(Source data)
____
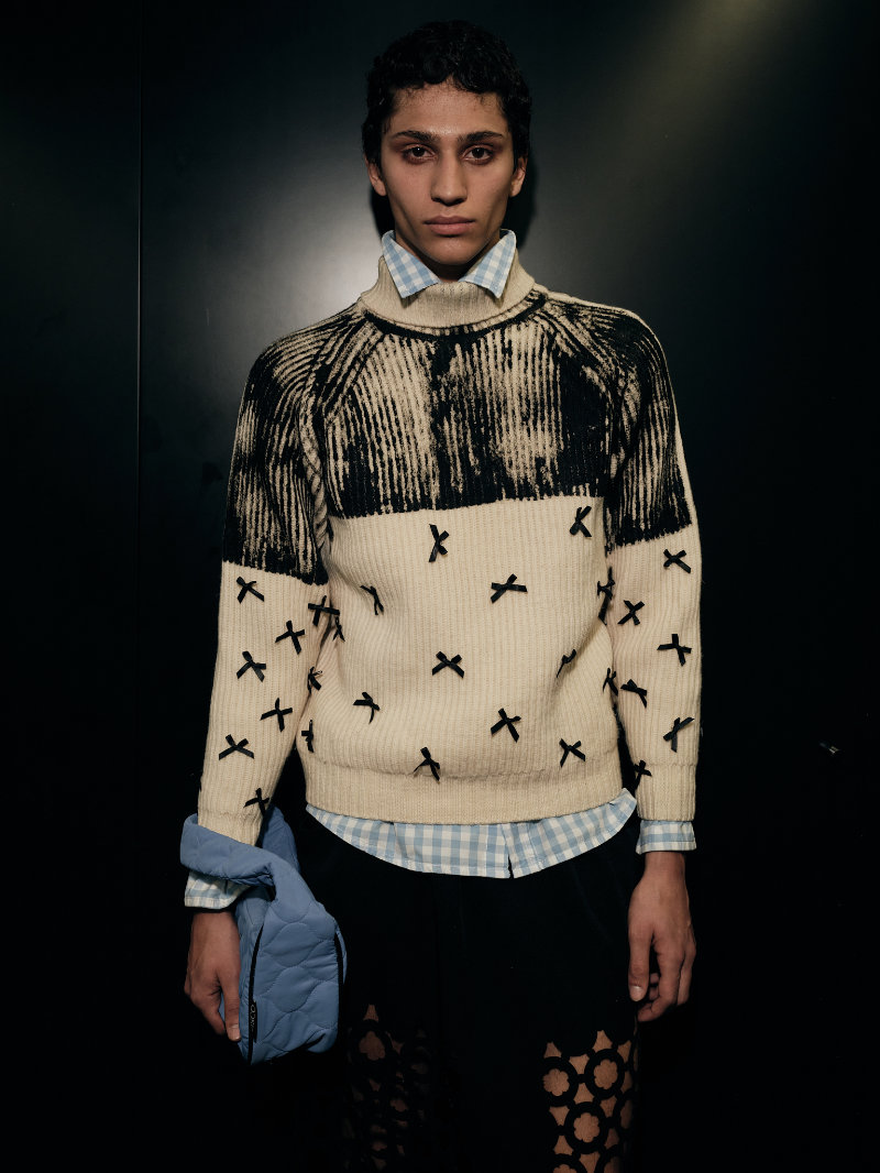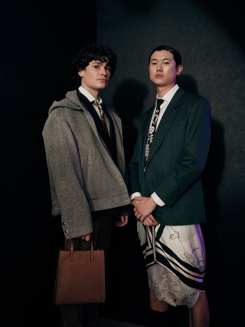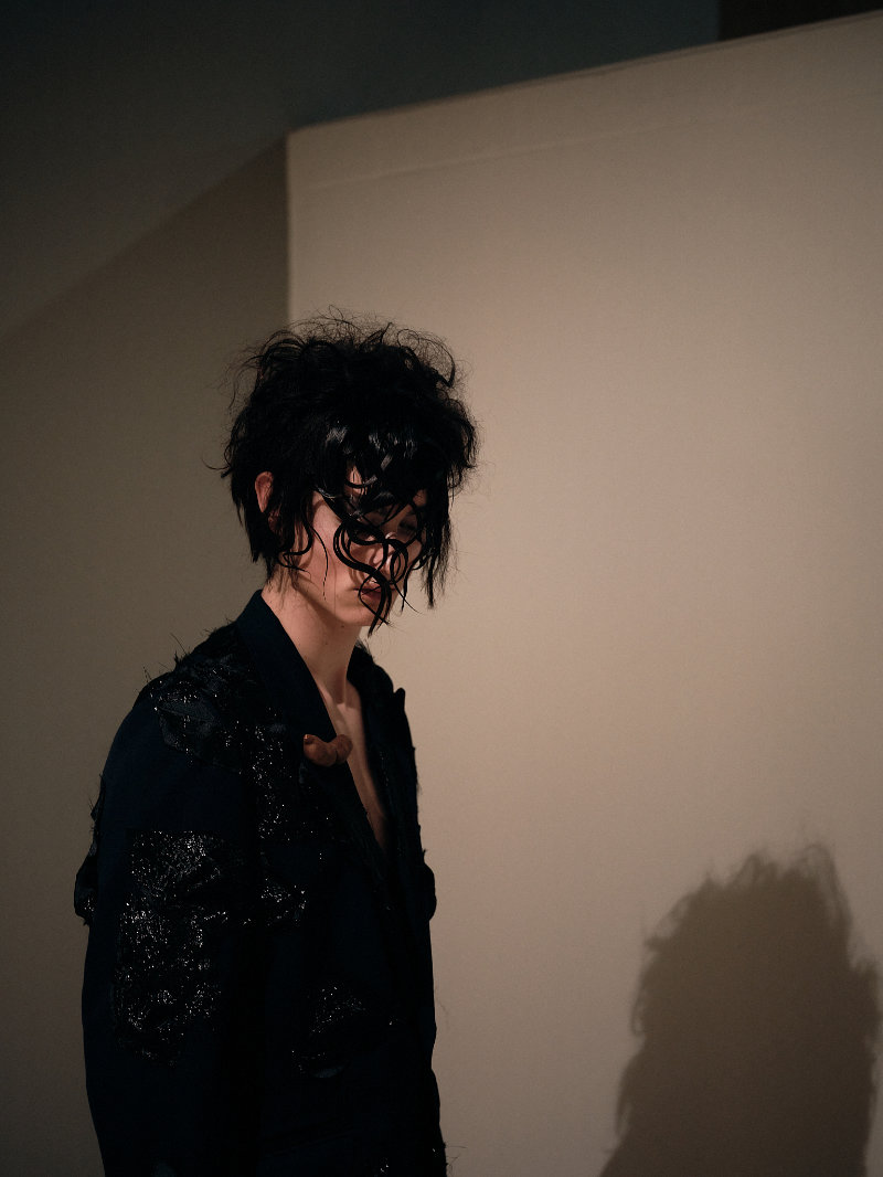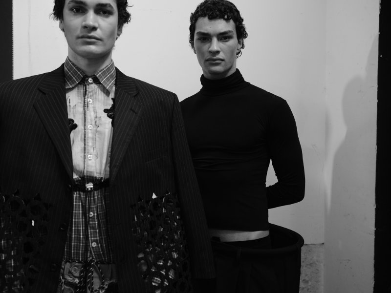 Bárbara Atanásio reworking denim and masculine codes brought fresh, experimental perspectives as did Çal Pfungst who played with classical forms, while Carlos Gil explored the plurality found in his signature silhouettes. Dino Alves stood out not only for his main collection but for UP Upcycling Collection Dino Alves x Humana, a project rooted in reuse and social awareness. Built from second hand garments, the collection pushed the idea that contemporary luxury can come from ethical commitment without losing its visual impact. Duarte Hajime leaned into narrative, drawing from the chaotic rhythm of life on tour, capturing the tension between stillness and spectacle, while Ricardo Andrez’s Skinny Dreams turned inward, questioning identity, memory, and what we choose to carry forward.
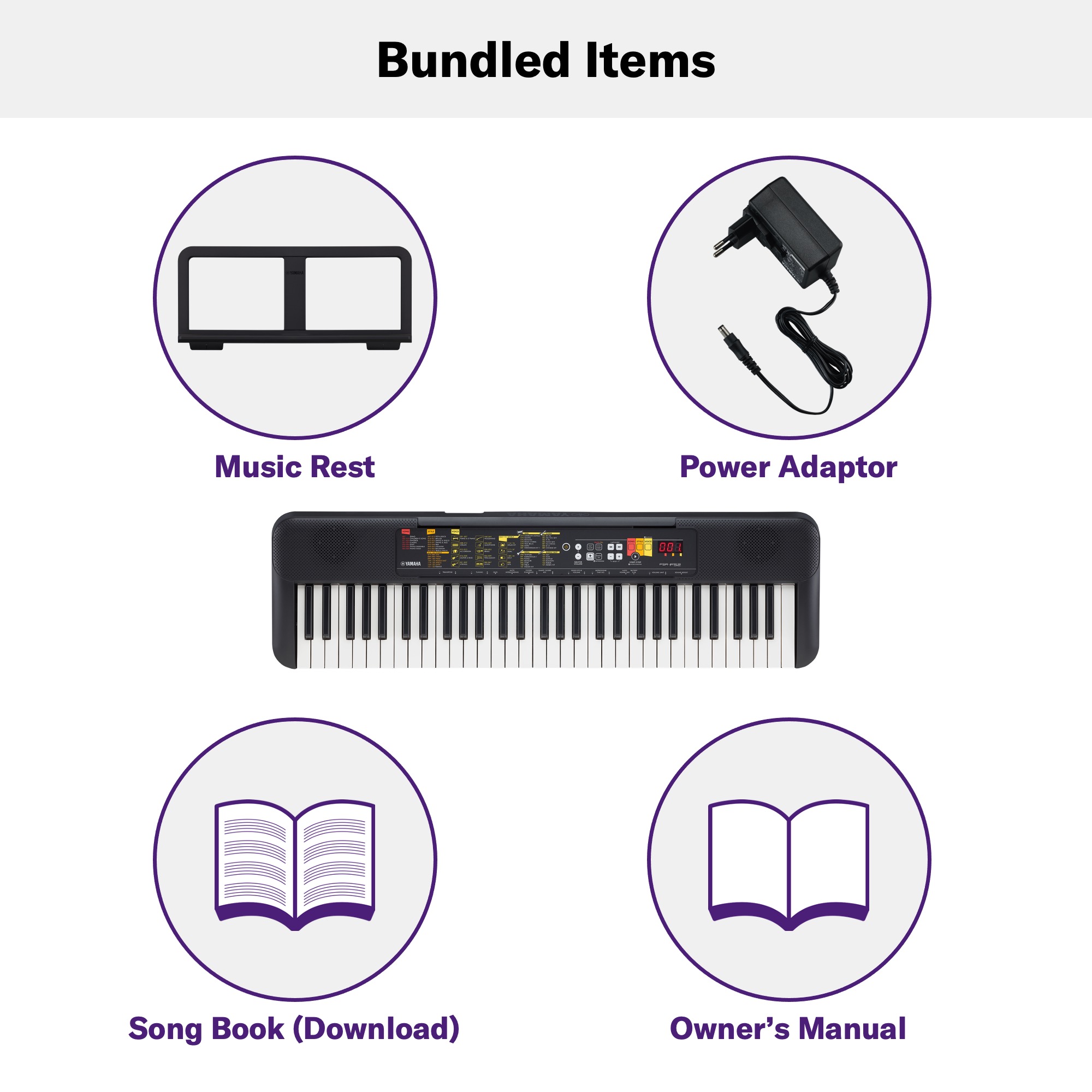 Hơn nữa, PSR-F52 được trang bị nhiều tính năng dành cho người chơi ở mọi cấp độ kinh nghiệm. Có thể tải xuống miễn phí Sách nhạc với đầy đủ các giai điệu chuẩn, video bài học, chức năng Hợp âm thông minh để sử dụng Kiểu nhạc mà không cần biết cách chơi hợp âm… và nhiều hơn nữa!
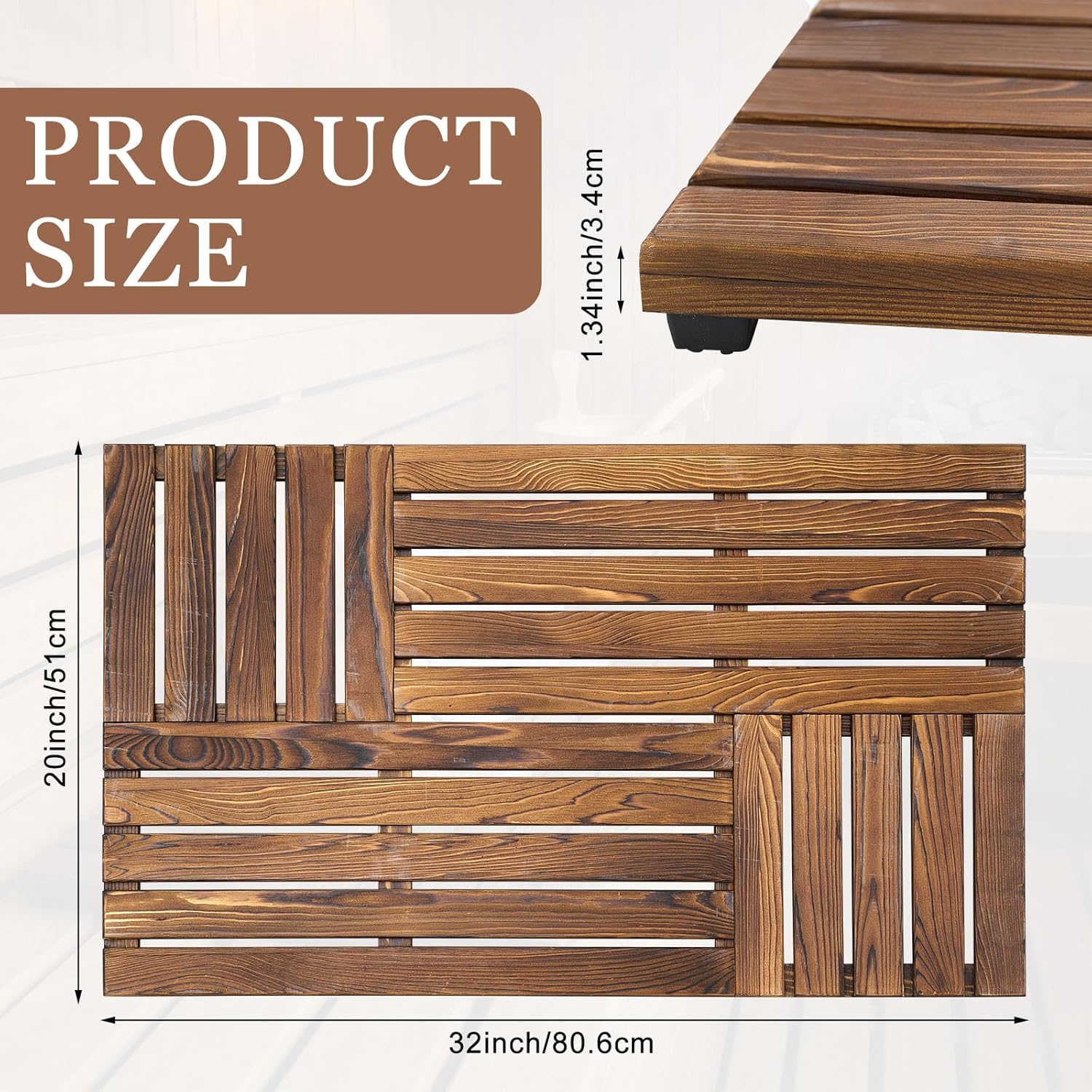 Features: This extra large sauna mat is suitable for wooden home saunas, premium sauna rooms, spas, and shower areas, bathtubs. This wooden platform for sauna room is burr-free with a smooth surface, and its gentle grooved wood grain ensures excellent breathability while providing a reliable anti-slip surface. Specifications: Material: pine wood Color: wood color Size: about 32 x 24 inch Package includes: 1 x extra large wooden sauna mat Notes: Manual measurement, please allow slight errors on size. The color may exist a slight difference due to different screen displays.
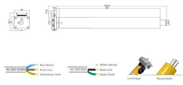 Động cơ có bộ thu trong để tích hợp điều khiển từ xa dùng sóng Radio, điều chỉnh hành trình bằng cơ khí .
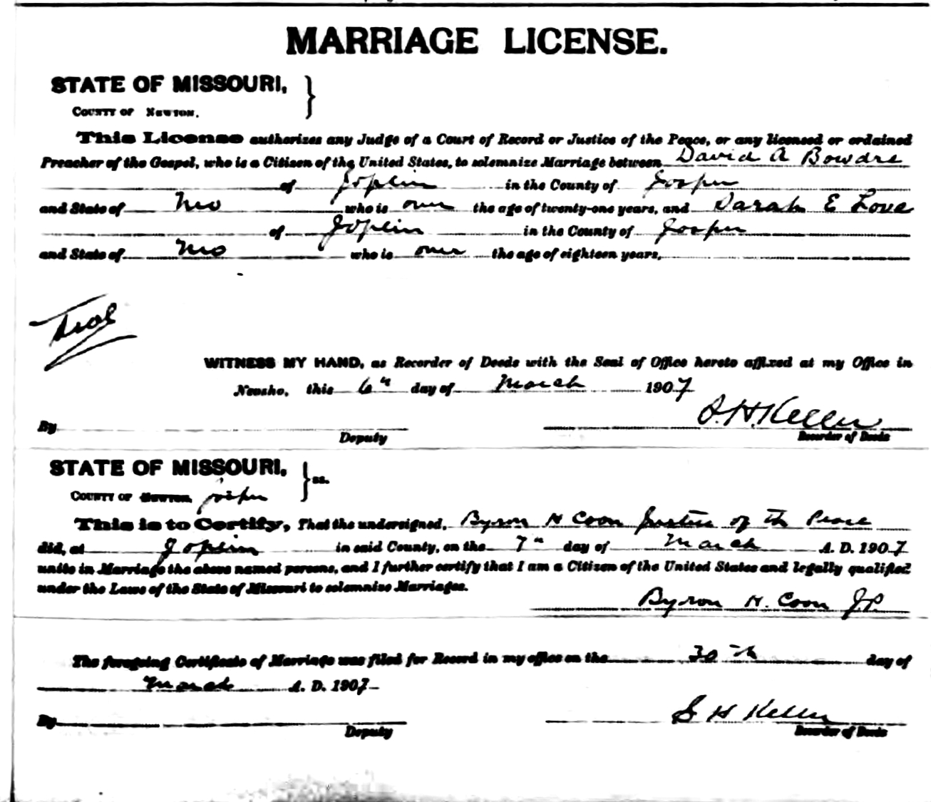 David A. Bowdre and Sarah E. (Frye) Love were married March 7, 1907, in Joplin, Jasper Co., MO.
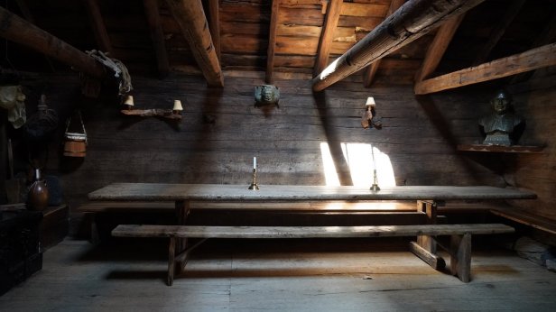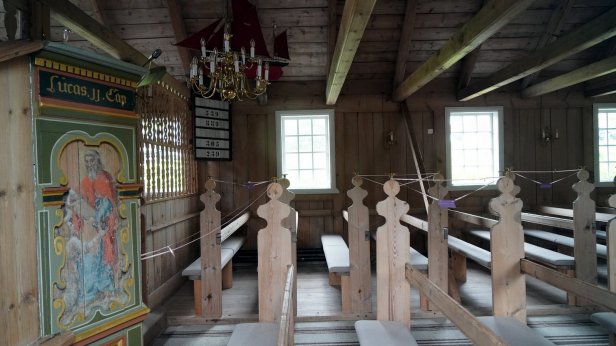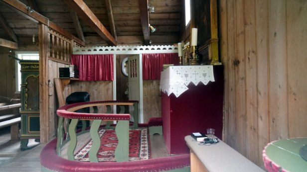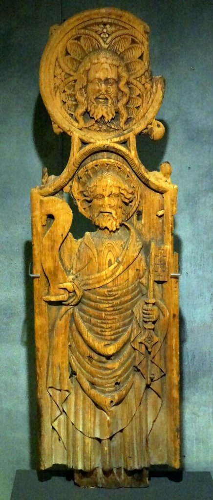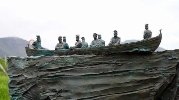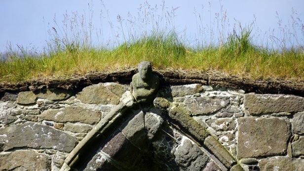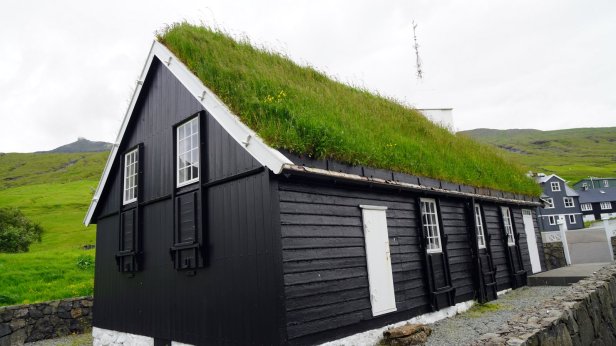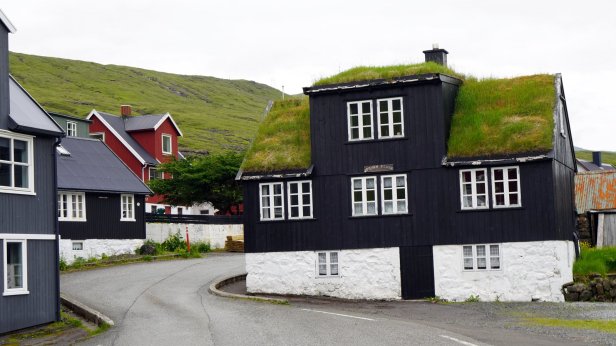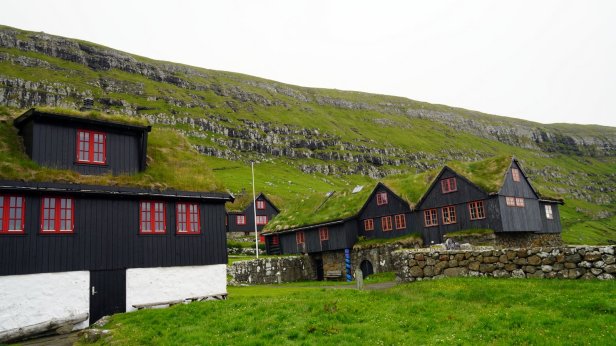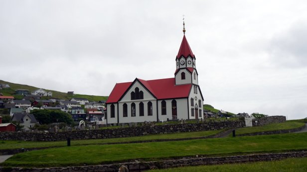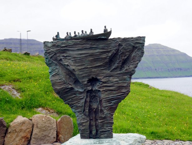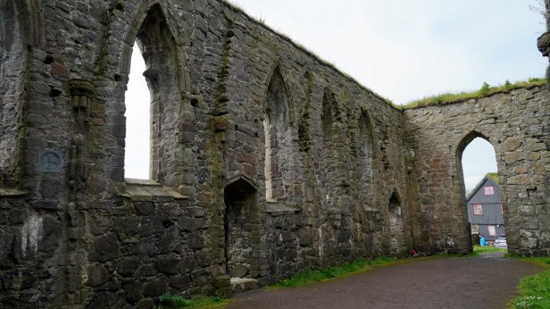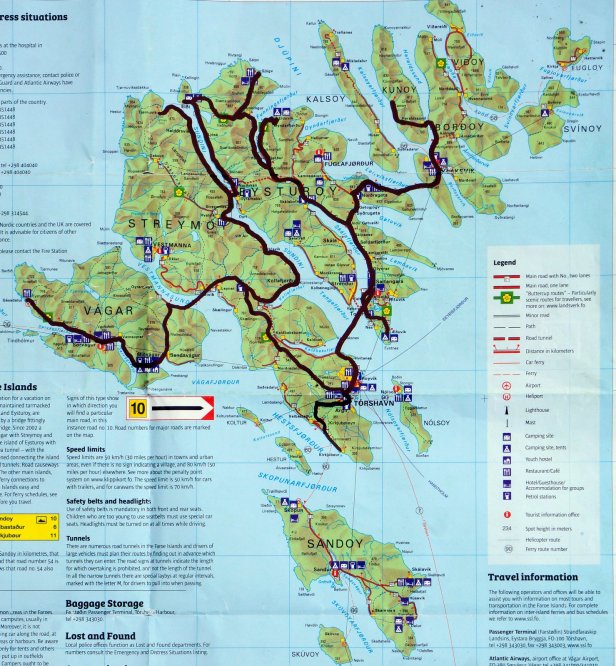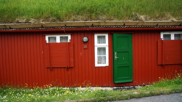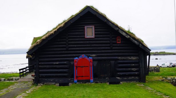 The next day we drove through the long tunnel with underground roundabout to the capital. It had started to rain. We took shelter in the national museum. Beside an explanation of the geological history of the islands and its human history. The collection of wood carvings taken from the cathedral we visited the day before were impressive. The outside section of the museum with some reconstructed house fell a bit is the water. We wandered a bit around town, had lunch and filled up on petrol before boarding the ferry to Iceland at 18:00 hrs.
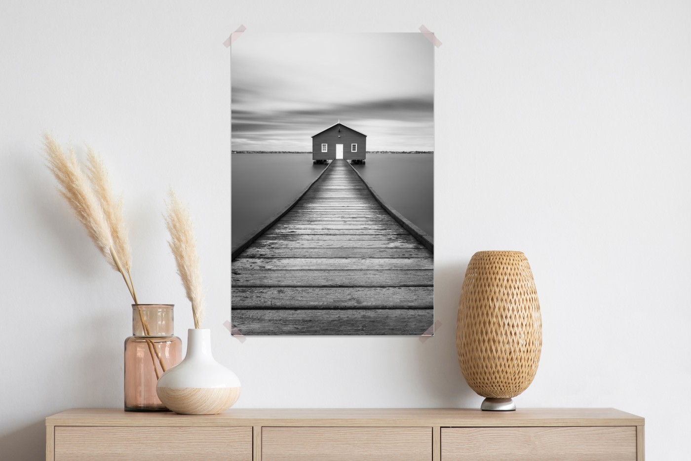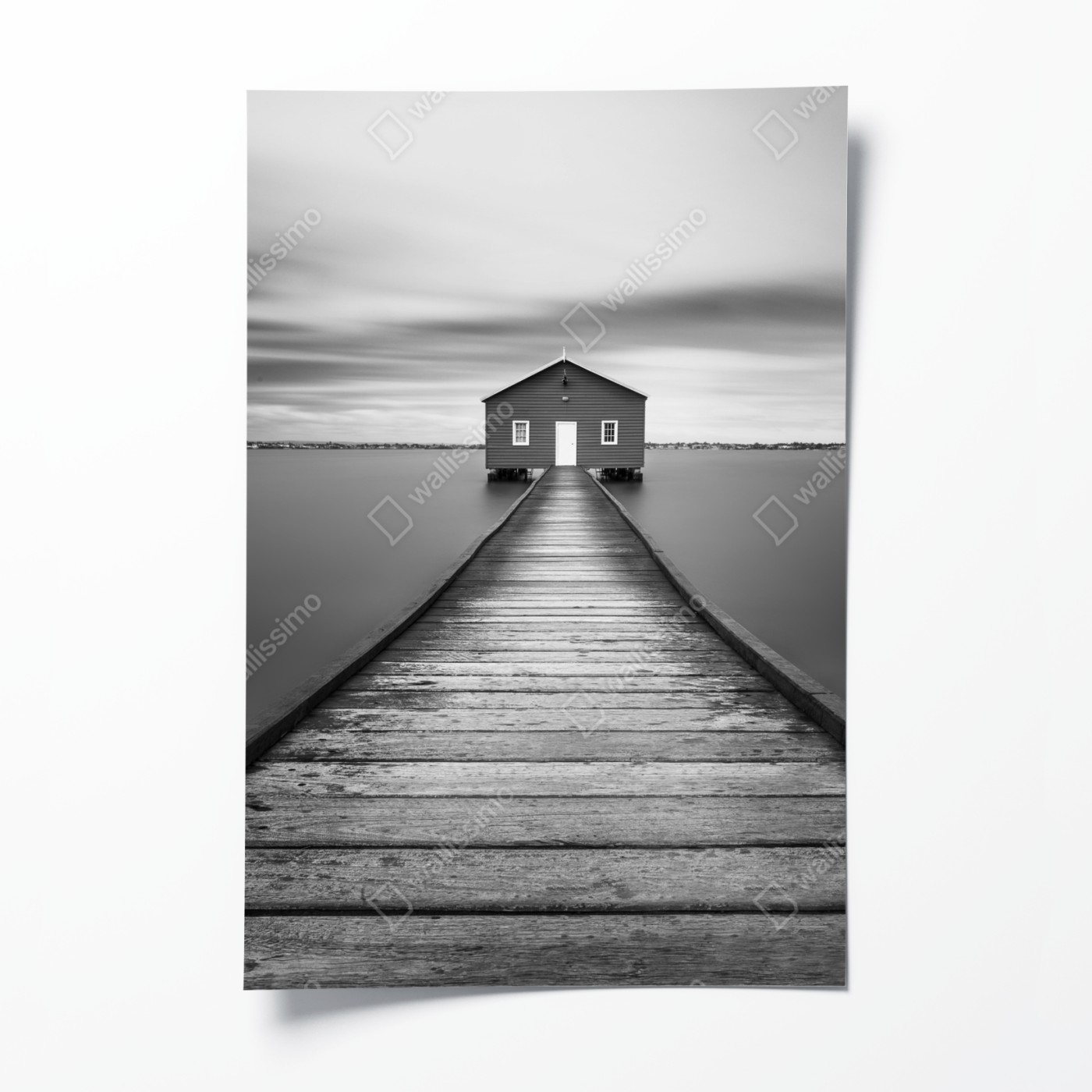 Plakat Samotny domek na pomoście nad spokojną wodą
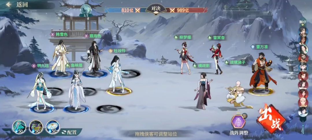 最后分享一个新的配队,鱼肚聂明+柳或者司徒,这个我改版前就试过,但因为当时千里秋毫只有一个单位,而且必须给杜所以效果不理想,改版后允许多c存在,实战下来还是很nice的,器魂离垢起手加天裂和伞,设置顺序释放,比起明九钰单挂优点就是省下来挂件给其他队伍用,且打薄雁君很好用
____
= TASK OBJECTIVE =
No pictures belong in the copy: reproduce exactly the lines above from the one that contains "Hơn nữa, PSR-F52" through the last line of the entries.

= ANSWER BOX =
 Hơn nữa, PSR-F52 được trang bị nhiều tính năng dành cho người chơi ở mọi cấp độ kinh nghiệm. Có thể tải xuống miễn phí Sách nhạc với đầy đủ các giai điệu chuẩn, video bài học, chức năng Hợp âm thông minh để sử dụng Kiểu nhạc mà không cần biết cách chơi hợp âm… và nhiều hơn nữa!
 Features: This extra large sauna mat is suitable for wooden home saunas, premium sauna rooms, spas, and shower areas, bathtubs. This wooden platform for sauna room is burr-free with a smooth surface, and its gentle grooved wood grain ensures excellent breathability while providing a reliable anti-slip surface. Specifications: Material: pine wood Color: wood color Size: about 32 x 24 inch Package includes: 1 x extra large wooden sauna mat Notes: Manual measurement, please allow slight errors on size. The color may exist a slight difference due to different screen displays.
 Động cơ có bộ thu trong để tích hợp điều khiển từ xa dùng sóng Radio, điều chỉnh hành trình bằng cơ khí .
 David A. Bowdre and Sarah E. (Frye) Love were married March 7, 1907, in Joplin, Jasper Co., MO.
 The next day we drove through the long tunnel with underground roundabout to the capital. It had started to rain. We took shelter in the national museum. Beside an explanation of the geological history of the islands and its human history. The collection of wood carvings taken from the cathedral we visited the day before were impressive. The outside section of the museum with some reconstructed house fell a bit is the water. We wandered a bit around town, had lunch and filled up on petrol before boarding the ferry to Iceland at 18:00 hrs.
 Plakat Samotny domek na pomoście nad spokojną wodą
 最后分享一个新的配队,鱼肚聂明+柳或者司徒,这个我改版前就试过,但因为当时千里秋毫只有一个单位,而且必须给杜所以效果不理想,改版后允许多c存在,实战下来还是很nice的,器魂离垢起手加天裂和伞,设置顺序释放,比起明九钰单挂优点就是省下来挂件给其他队伍用,且打薄雁君很好用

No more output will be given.